He wasn't sure what to say. Everybody stopped talking, and Sydney looked at Michael, then at the present. She had a glass in her hand, full of something orange that smelled terrible, not as bad as O'Fallon's bottle but almost. She had on a dress the same color as spring grass, and a filmy belt around the middle that was yellow. Sometimes she wore her hair down, not up, with pretend-flowers holding it behind her ears somehow. She had it that way now, and it was his favorite, because he could see the fox colors better, and he could almost feel how soft it would be if he touched it.
What had West said when he'd given her the flowers?
These are for you,
he thought. Something like that.
He put his hands behind his back so she wouldn't know he was nervous. "This is for you." She didn't say anything, so he added, "It's a present for you. From me." Still nothing. "Because you gave me one." He felt the first stirrings of unease. Taking one step back, he made himself say, "I am returning it in kind."
He wanted to turn around and see why Sam and Philip were coughing, but Sydney's face was too interesting. He could see the whites around her blue eyes, they were so big. Then she ducked, but he could still see her cheeks and forehead and ears all turn bright pink. She put her glass in her lap and her other hand over her mouth.

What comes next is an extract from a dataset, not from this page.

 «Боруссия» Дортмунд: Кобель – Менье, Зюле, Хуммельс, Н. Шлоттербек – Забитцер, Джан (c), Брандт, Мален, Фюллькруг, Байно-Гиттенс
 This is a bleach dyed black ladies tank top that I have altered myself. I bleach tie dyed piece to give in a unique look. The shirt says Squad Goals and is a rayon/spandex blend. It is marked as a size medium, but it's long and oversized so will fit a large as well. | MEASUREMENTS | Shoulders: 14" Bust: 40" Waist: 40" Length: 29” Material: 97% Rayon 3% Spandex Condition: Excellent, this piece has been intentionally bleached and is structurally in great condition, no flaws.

This was wrong. He remembered the things she'd said to West—"Oh, Charles, they're
beautiful,
where did you ever find them? How very thoughtful—
thank
you, Charles"—and on and on for a long time, smiling, touching West on the arm. And all for some flowers with no scent, and no use except to look at. Wasn't a fresh, fat fish a better gift than that?
Miss Winter made a noise in her throat; he looked at her, thin as a dead sapling, sitting in the big chair by the window, and saw that she looked ... he didn't know the word.
Surprised
wasn't enough. Next to her, Dr. Winter had his hand over his mouth, the same way Sydney did.

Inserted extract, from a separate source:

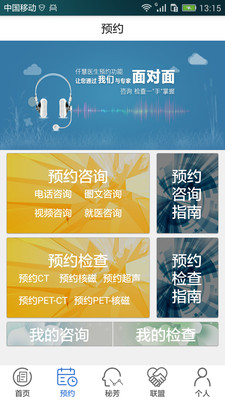 2、“預(yù)約”中匯聚大量健康相關(guān)專家信息及檢查檢測相關(guān)技術(shù)信息。本信息平臺為用戶提供的信息服務(wù),包括檢索查詢專家一般信息,專業(yè)特長信息,并提供輔助的預(yù)約咨詢、預(yù)約檢查服務(wù)。預(yù)約咨詢包括預(yù)約電話咨詢、圖文咨詢、視頻咨詢及線下面對面咨詢,再由專家通過其它即時通訊系統(tǒng)提供咨詢服務(wù)。預(yù)約檢查包括預(yù)約影像檢查和預(yù)約精準檢測服務(wù)。

Then he understood. They were all laughing at his fish. At him.
He could feel his face turn red, like Sydney's.
Oh, God,
he thought. He wished he could disappear, but he was afraid to move. Anything he did would be wrong now. Sydney lifted her pink face, and he saw that she was crying.
Crying.
He went close again, leaned over her, "Sydney, don't cry, don't cry. I'll take it away. I'll eat it myself."
A sound exploded out of her mouth, like a captured thing suddenly bursting free. He froze, horrified—until he realized that high, liquid, trilling sound was her laughter. And he loved that sound. And her eyes, overflowing with tears, were warm and sorrowful and sweet, asking him to please, please understand.

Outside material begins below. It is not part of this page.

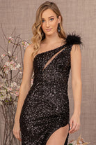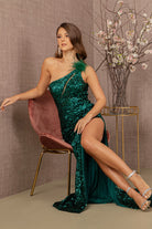 Sheer Bodice Sequin Mesh Mermaid w/ Feather on Shoulder Long Prom Dress GLGL3129

Then it was easy. He looked at his fish, wrapped in string with a flower on top and resting on the shiny wood table. He had given Sydney a dead fish. Everybody in the drawing room was laughing or trying not to, even the dog. What could he do? He threw back his head and laughed with them.
* * * * *
"Michael, it was a wonderful gift."
"No, it wasn't."
"Yes, it was. It was thoughtful and practical, and you made it yourself. So to speak. And it was a nice fish, a
beautiful
fish, really. As they go."
"What kind was it? What do you call it?"
"Philip said a whitefish.".
"Whitefish."
They were sitting in the garden in the twilight, watching fireflies twinkle in the treelops and listening to the birds call good nights across the paling sky. Sydney laughed softly, again, and beside her Michael chuckled. She couldn't stop thinking about the way the fish had looked, with its mouth gaping and its yellow eye staring, stretched out on the mahogany piecrust table next to the silver and cut-glass sherry decanter in Aunt Estelle's pristine drawing room. And every time she thought of it, she laughed.
Thank God
Michael had a sense of humor.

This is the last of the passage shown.